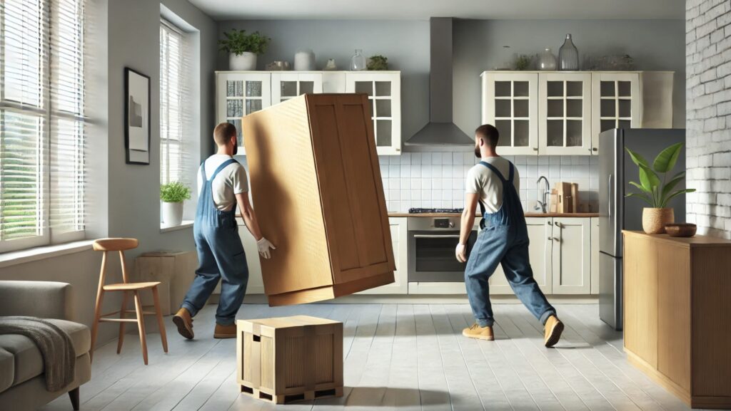 この方式には、搬入時の通路の幅や階段、ドアのサイズなどに関わる問題を回避できるという大きな利点があります。特に大型の食器棚や収納家具の場合、完成品での搬入は難しいケースが多く、パーツ状態で搬入し現地で組み立てる方が合理的です。
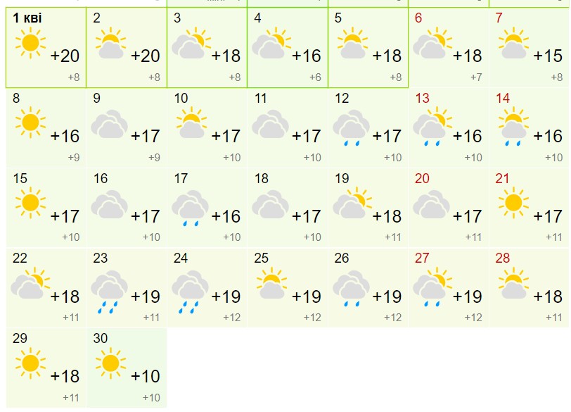 Прогноз на квітень 2024 року в Запоріжжі
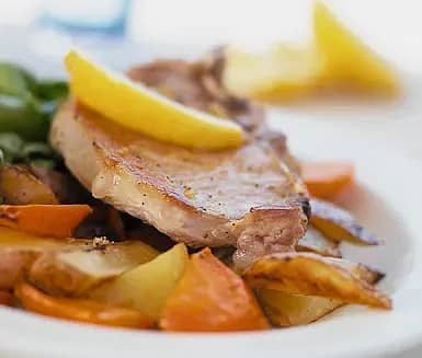 Honungsmarinerad kyckling i ugn med rotfrukter och färsk spenat
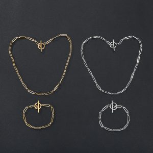 Wear-resistant Non-fading Metal Stainless Steel Necklace, Bracelet Set
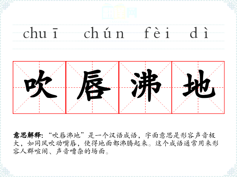“吹唇沸地”是一个汉语成语,字面意思是形容声音极大,如同风吹动嘴唇,使得地面都沸腾起来。这个成语通常用来形容人群喧闹、声音嘈杂的场面。

**********

ABOUT THIS EXERCISE: In the records above, the lines from the one containing "Honungsmarinerad kyckling i" through the last line are to be written out exactly, both ends included and pictures omitted.

REPLY:
 Honungsmarinerad kyckling i ugn med rotfrukter och färsk spenat
 Wear-resistant Non-fading Metal Stainless Steel Necklace, Bracelet Set
“吹唇沸地”是一个汉语成语,字面意思是形容声音极大,如同风吹动嘴唇,使得地面都沸腾起来。这个成语通常用来形容人群喧闹、声音嘈杂的场面。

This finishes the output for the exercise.